Cpu usage 100% (with no training/testing operation), maybe caused by data type changing

Here are my code and cpu consumption

class ClassDataset(Dataset):
    """Dataset for classification"""
    def __init__(self, datapath, istrain, transform=None):
        self.istrain = istrain
        self.datalist = glob.glob(os.path.join(datapath, '*.png'))
        self.datalen = len(self.datalist)

    def __len__(self):
        if self.istrain:
            return 15000
            return 4000

    def __getitem__(self, index):
        idx = index % self.datalen
        img1 = cv2.imread(self.datalist[idx])
        img1 = img1.astype(np.float32)
        # img1 = torch.from_numpy(img1)
        # img1 = img1.type(torch.float32)
        # img1 = img1.numpy()
        img1 = cv2.resize(img1, (224, 224))
        return img1

root = somewhere
datapath = os.path.join(root, somewhere)
batchsize = 32
num_workers = 2
epoch = 300

trainset = ClassDataset(datapath, istrain=1, transform=None)
trainloader = DataLoader(trainset, batch_size=batchsize, shuffle=True, num_workers=num_workers)
testset = ClassDataset(datapath, istrain=0, transform=None)
testloader = DataLoader(testset, batch_size=batchsize, shuffle=False, num_workers=num_workers)

for e in range(epoch):
    for i, batch in enumerate(trainloader):
        print('train', i)

What I found is that when I comment img1 = img1.astype(np.float32), everything goes well.

I’ve tried to first convert ndarray to tensor and change the data type and convert it back (just like the three lines I’ve commented), but resulted in the same problem.

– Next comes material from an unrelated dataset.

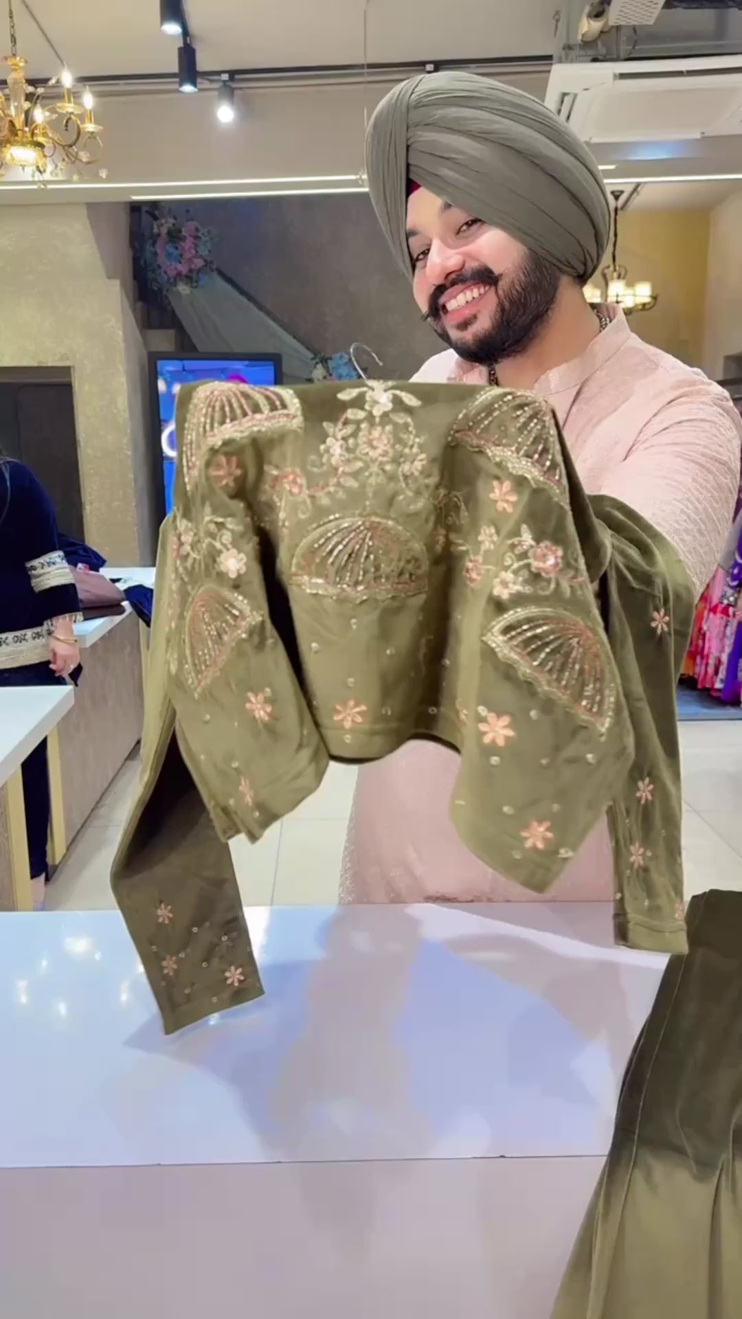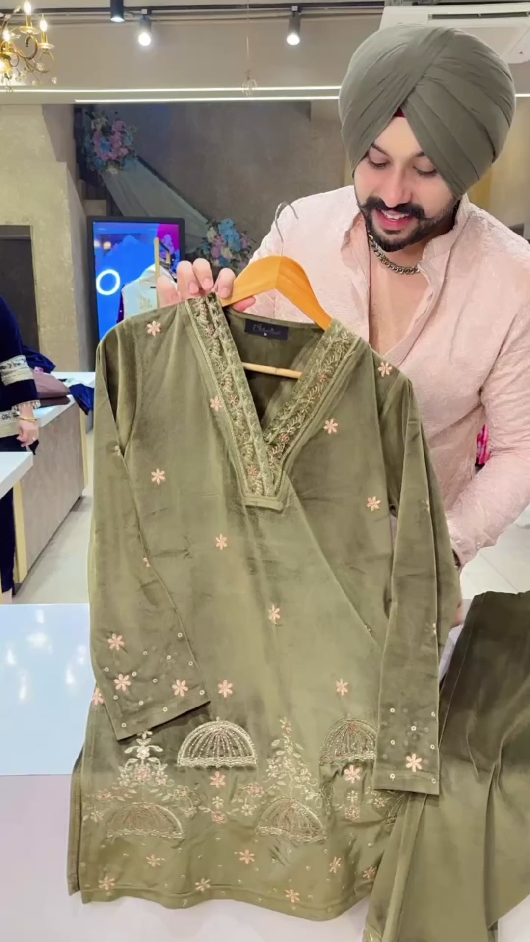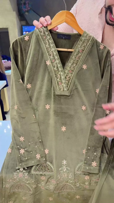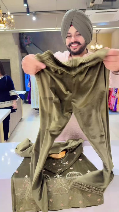 Dark Olive Strechable Velvet Jeavy Embroidered Party Wear Coord set
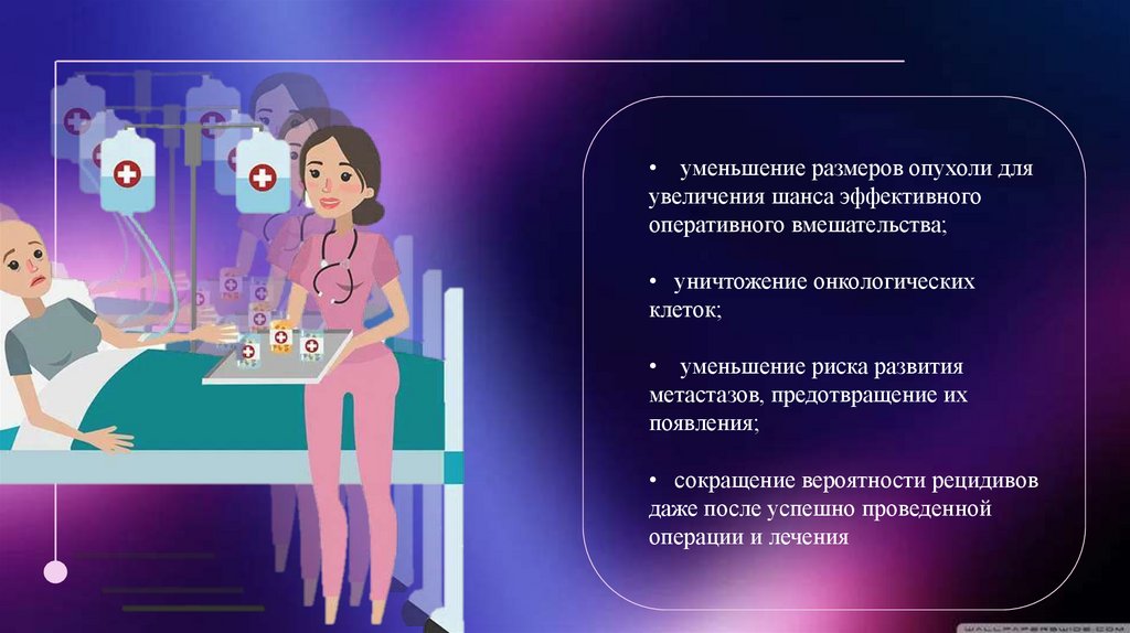 • уменьшение размеров опухоли дляувеличения шанса эффективного

Note that there are many threads running (showed in the picture, about 25-30). Someone uses torch.set_num_threads(1) to restrict #threads, but it doesn’t work for me.

Thanks a lot!

I got the point.

This is caused by my environment. Maybe I didn’t install opencv correctly, cv2.imresize() leads to this problem.
But it’s weird that cpu consumption becomes normal when I comment astype operation, too.